Final answer:
To prove CE is congruent to EB, the congruence of arcs AC and BD leads to the congruence of inscribed angles C and D. Similarly, angles AEC and BEC are congruent. By the SAS postulate, triangles AEC and BEC are congruent, confirming that CE is congruent to EB.
Step-by-step explanation:
To prove that CE≅EB, we use facts about congruent arcs and congruent triangles within circles. Firstly, it's given that mAC=mBD, which indicates that arcs AC and BD are congruent. The congruence of these arcs implies that the inscribed angles that intercept them are also congruent. Hence, ∠C and ∠D are congruent because they both intercept arc AB.
Furthermore, if we consider ∠AEC and ∠BEC as angles inscribed in a circle that intercept the same arc CE, which is a property of inscribed angles in circles, it can be stated that these angles are congruent.
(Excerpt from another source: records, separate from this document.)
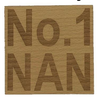
No. 1 NAN CO1-004-C
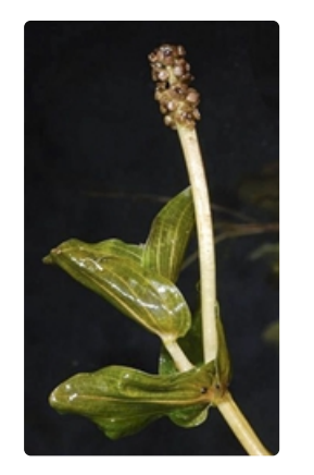
Flow ering stem
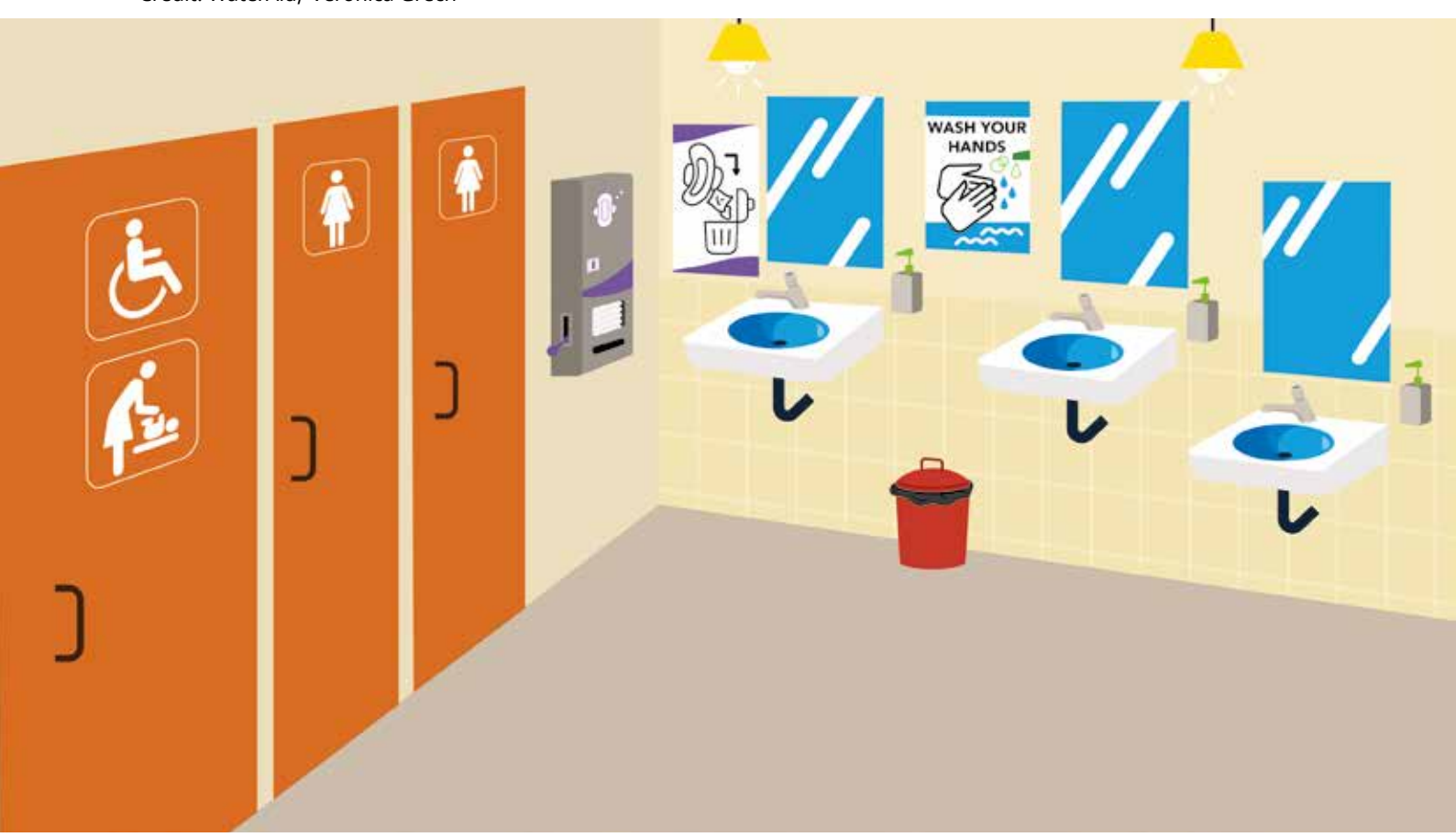
Figure 2: An example of the interior of a female-friendly toilet block.
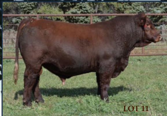
BCLR FIERCE H384 • ASA#: 3853595 • PB SM LCDR/CDI FIERCE 81E X DIKEMANS SURE BET
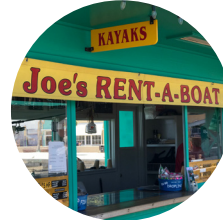
4 Joe's Rent A Boat Green Pleasure Pier 310.510.0455 JoesRentABoat.com
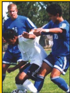
Men's Soccer Team in Home Debut
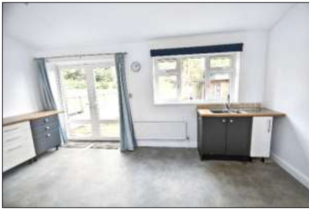
BEDROOM ONE 4.01m (13'2") x 3.05m (10'0") plus door recess.

With broad UPVC double glazed windows enjoying lovely views across the bay to the front aspect. radiator, hard wearing wood finish flooring, built-in wardrobe cupboard, panelled internal door.
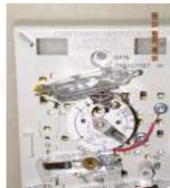
Thermostat received and ready for Hg ampoule removal
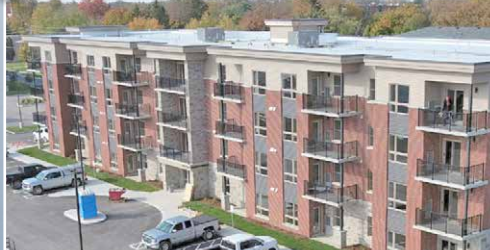
25, 45, 85, & 105 OXFORD STREET

236 units Stratford, ON | 2019 NEW CONSTRUCTION
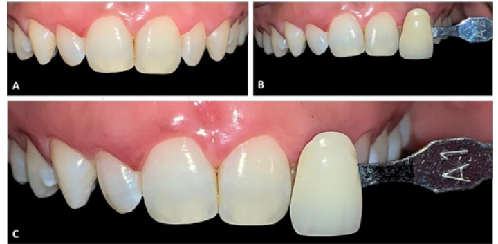
Figure 1. A: Anterior teeth before rehabilitative treatment. B: Selection of the initial shade A2. C: Final shade A1 after teeth bleaching treatment in the clinic (1 session) and at home (14 days).

case, intra-oral photographs were taken with an iPhone X (iPhone - Apple (BR)), initial dental impression with Alginate (Jeltrate ® , Dentsply) and the making of plaster dental cast (Herodent ® , Coltene). The diagnostic waxing from canine to canine was done with the intent to plan the form and final contour of the restoration.
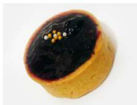
T10 MIXED BERRY PANNA COTTA TART
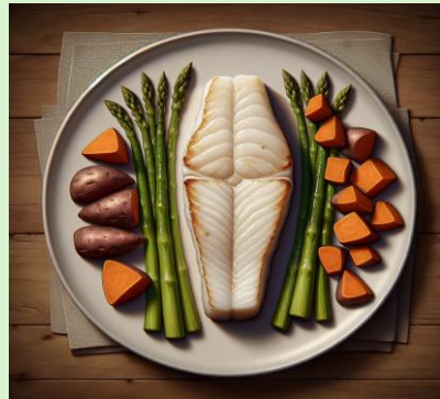
Dinner: Baked cod with sweet potato & asparagus
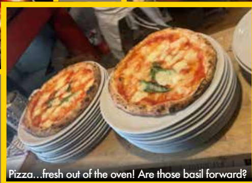
Pizza...fresh out of the oven! Are those basil forward?
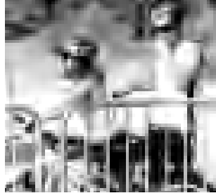
Going for the seven-mile mountain bike ride.
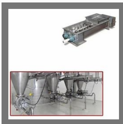
Screw Conveyor for Powder Handling
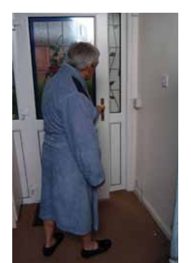
Property exit sensors These detect when a door has opened or been left open

Detect movement seizures to alert people
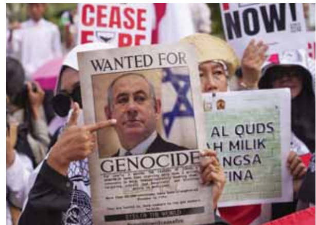
A protester holds a poster of Israeli Prime Minister Benjamin Netanyahu during a rally commemorating the 76th anniversary of the mass expulsion of the Palestinians from what is now Israel in 1948, often called the "Nakba" or Arabic for catastrophe, outside the U.S. Embassy in Jakarta, Indonesia on Friday.

Israel strongly denied charges of genocide on Friday, telling the United Nations' top court it was doing everything it could to protect the civilian population during its military operation in Gaza. The International Court of Justice wrapped up a third round of hearings on emergency measures requested by South Africa, which says Israel's military incursion in the southern city of Rafah threatens the "very survival of Palestinians in Gaza" and has asked the court to order a cease-fire. Tamar Kaplan-Tourgeman, one of Israel's legal team, defended the country's conduct, saying it had allowed in fuel and medication to the beleaguered enclave. "Israel takes extraordinary measures in order to minimize the harm to civilians in Gaza," she told The Hague-based court. A protester shouting "Liars" briefly interrupted Kaplan-
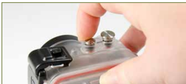
5. POWER ON (press & hold)
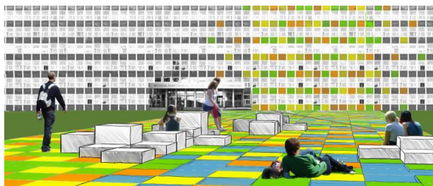
Fig. nº 4, ” Pixel stream made of pixels of water, grass and light panel that would light when you step on it... or if already be shining - that would escape from you giving students invitation to follow it.”

The final work it was presented in the Mini Symposium with the results of the international workshop. The groups could made presentation using video, power-point, models, performances, and portfolio panels. They transform the space; they make the place user friendly. As an example we can see in (Fig. nº 4 and Fig.5) the proposal of the 2 nd group, the transformation in front of one of the buildings, near the university, and applying sculptural objects, originated by a need to guide people into campus direction.
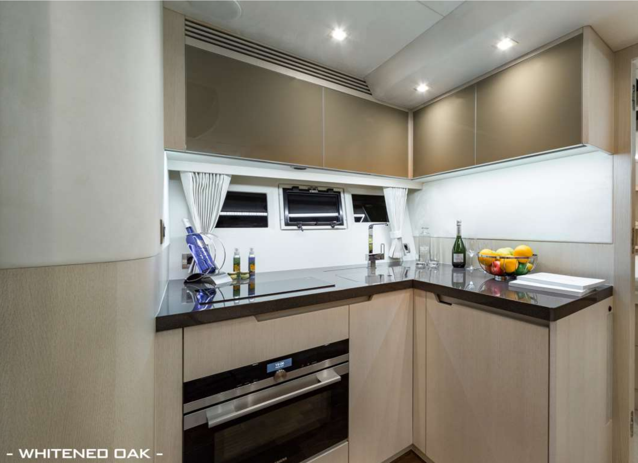
- WHITENED OAK -

In the case of the triangles △AEC and △BEC, we can see that AC=BC because they are radii of the same circle, ∠AEC≅∠BEC as argued before, and CE is shared by both triangles.
By the Side-Angle-Side (SAS) postulate, if two sides and the included angle of one triangle are congruent to two sides and the included angle of another triangle, then the triangles are congruent. Therefore, △AEC≅△BEC implies that CE≅EB. Thus, by properties of congruent triangles, Line CE is congruent to line EB, completing the proof.